*WHAT TO WORK ON*.
Retype the lines below exactly, from the one that contains "Silver Stud Knitted" through the last, and leave every picture out.

Stored items from a collection:

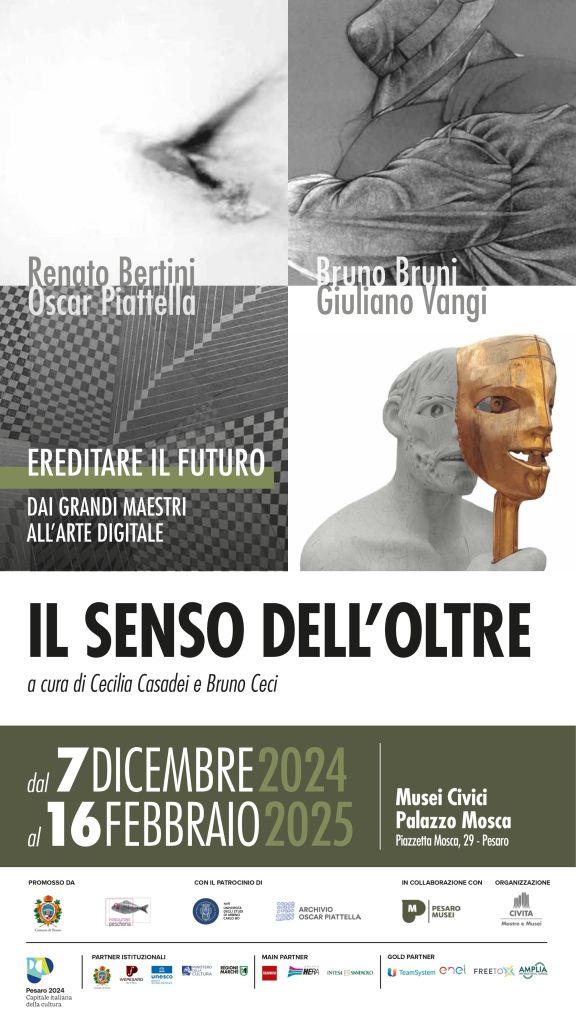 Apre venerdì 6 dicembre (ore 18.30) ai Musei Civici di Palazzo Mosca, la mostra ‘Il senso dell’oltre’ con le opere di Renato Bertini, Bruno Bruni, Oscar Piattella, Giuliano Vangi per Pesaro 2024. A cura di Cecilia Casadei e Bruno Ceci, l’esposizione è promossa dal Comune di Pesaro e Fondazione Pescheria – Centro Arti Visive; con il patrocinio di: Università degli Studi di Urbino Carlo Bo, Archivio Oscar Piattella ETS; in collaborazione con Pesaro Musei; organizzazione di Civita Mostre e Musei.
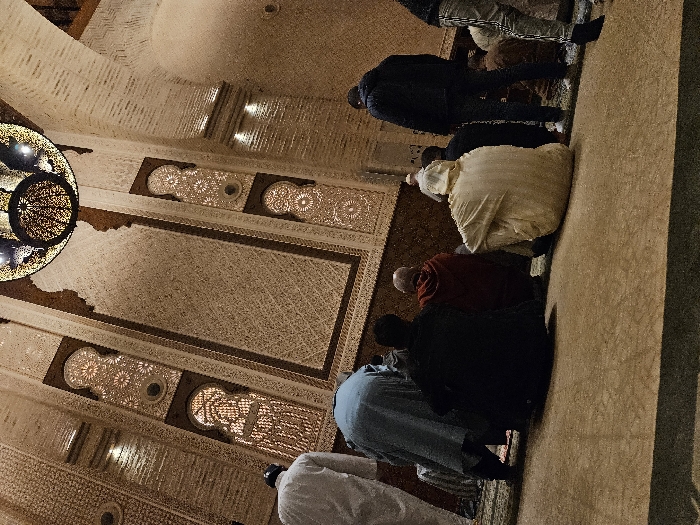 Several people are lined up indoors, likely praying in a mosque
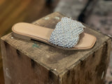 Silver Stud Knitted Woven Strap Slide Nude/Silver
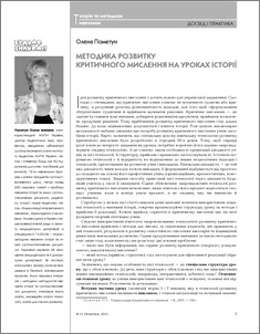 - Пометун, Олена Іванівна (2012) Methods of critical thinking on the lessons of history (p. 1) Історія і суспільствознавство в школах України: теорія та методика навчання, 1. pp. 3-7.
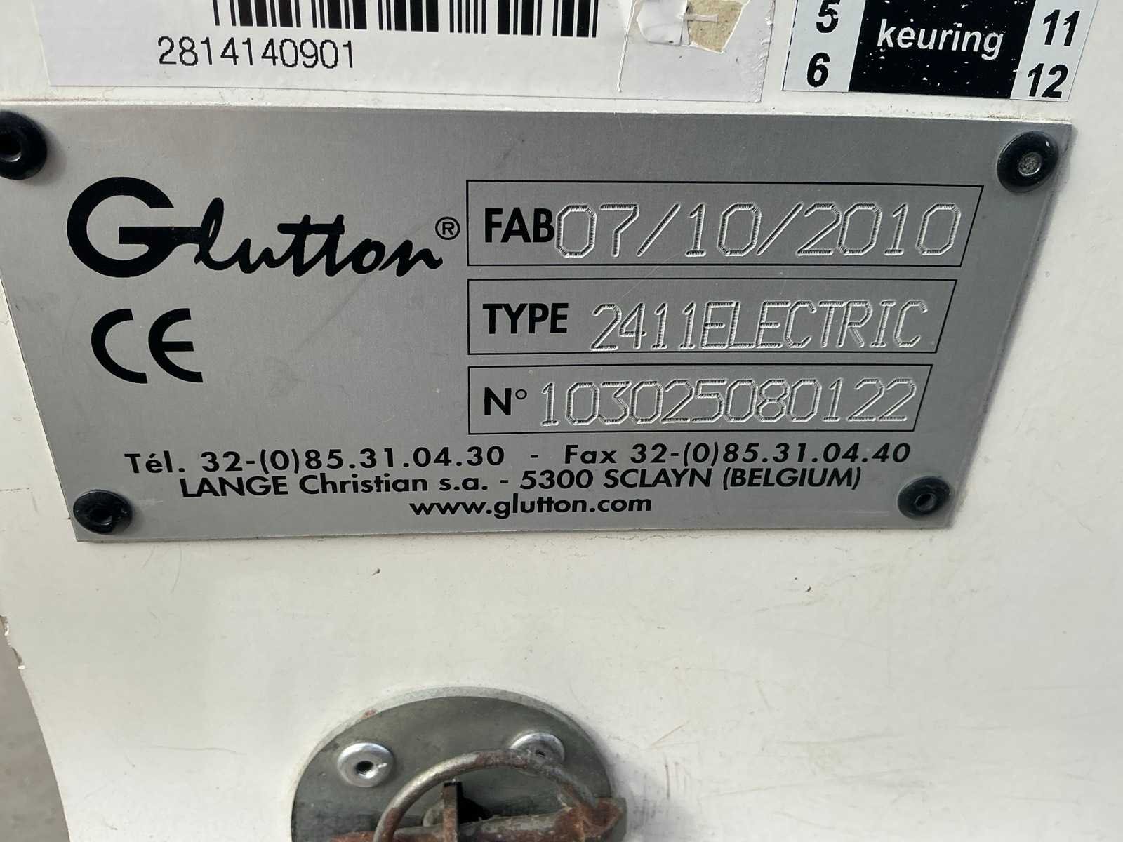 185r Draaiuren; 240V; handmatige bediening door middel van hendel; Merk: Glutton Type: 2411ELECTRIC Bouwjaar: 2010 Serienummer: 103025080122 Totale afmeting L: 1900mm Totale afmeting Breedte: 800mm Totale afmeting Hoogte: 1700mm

*OUTPUT*.
 Silver Stud Knitted Woven Strap Slide Nude/Silver
 - Пометун, Олена Іванівна (2012) Methods of critical thinking on the lessons of history (p. 1) Історія і суспільствознавство в школах України: теорія та методика навчання, 1. pp. 3-7.
 185r Draaiuren; 240V; handmatige bediening door middel van hendel; Merk: Glutton Type: 2411ELECTRIC Bouwjaar: 2010 Serienummer: 103025080122 Totale afmeting L: 1900mm Totale afmeting Breedte: 800mm Totale afmeting Hoogte: 1700mm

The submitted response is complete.